* TASK DESCRIPTION *
Restate verbatim the span of lines below between the line with "Ultrazachte RPET mohair" and the line with "When the bodies", including those two lines, and only that span.

* DATA TO PROCESS *

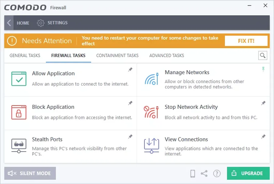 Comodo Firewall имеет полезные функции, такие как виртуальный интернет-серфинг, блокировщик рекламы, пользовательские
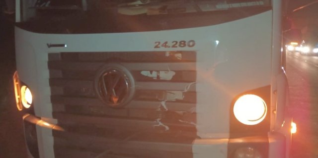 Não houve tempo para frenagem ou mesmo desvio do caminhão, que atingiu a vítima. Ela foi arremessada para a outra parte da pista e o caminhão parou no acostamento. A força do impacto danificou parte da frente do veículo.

...

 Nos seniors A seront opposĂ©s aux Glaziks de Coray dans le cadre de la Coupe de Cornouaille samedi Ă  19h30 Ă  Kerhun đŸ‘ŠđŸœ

==

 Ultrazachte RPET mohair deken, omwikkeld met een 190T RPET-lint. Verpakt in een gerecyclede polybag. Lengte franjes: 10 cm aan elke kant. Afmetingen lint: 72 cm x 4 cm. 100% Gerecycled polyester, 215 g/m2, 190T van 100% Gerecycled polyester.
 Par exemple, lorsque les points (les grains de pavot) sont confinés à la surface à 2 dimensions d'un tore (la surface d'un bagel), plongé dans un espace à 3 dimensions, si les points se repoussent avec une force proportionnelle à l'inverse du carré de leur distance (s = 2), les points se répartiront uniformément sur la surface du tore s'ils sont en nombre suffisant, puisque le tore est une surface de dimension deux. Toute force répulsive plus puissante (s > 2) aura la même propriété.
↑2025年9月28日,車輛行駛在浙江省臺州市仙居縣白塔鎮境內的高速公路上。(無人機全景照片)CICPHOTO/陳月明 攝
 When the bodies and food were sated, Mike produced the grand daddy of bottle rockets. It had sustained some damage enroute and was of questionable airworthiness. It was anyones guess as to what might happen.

* WRITTEN RESPONSE *
 Ultrazachte RPET mohair deken, omwikkeld met een 190T RPET-lint. Verpakt in een gerecyclede polybag. Lengte franjes: 10 cm aan elke kant. Afmetingen lint: 72 cm x 4 cm. 100% Gerecycled polyester, 215 g/m2, 190T van 100% Gerecycled polyester.
 Par exemple, lorsque les points (les grains de pavot) sont confinés à la surface à 2 dimensions d'un tore (la surface d'un bagel), plongé dans un espace à 3 dimensions, si les points se repoussent avec une force proportionnelle à l'inverse du carré de leur distance (s = 2), les points se répartiront uniformément sur la surface du tore s'ils sont en nombre suffisant, puisque le tore est une surface de dimension deux. Toute force répulsive plus puissante (s > 2) aura la même propriété.
↑2025年9月28日,車輛行駛在浙江省臺州市仙居縣白塔鎮境內的高速公路上。(無人機全景照片)CICPHOTO/陳月明 攝
 When the bodies and food were sated, Mike produced the grand daddy of bottle rockets. It had sustained some damage enroute and was of questionable airworthiness. It was anyones guess as to what might happen.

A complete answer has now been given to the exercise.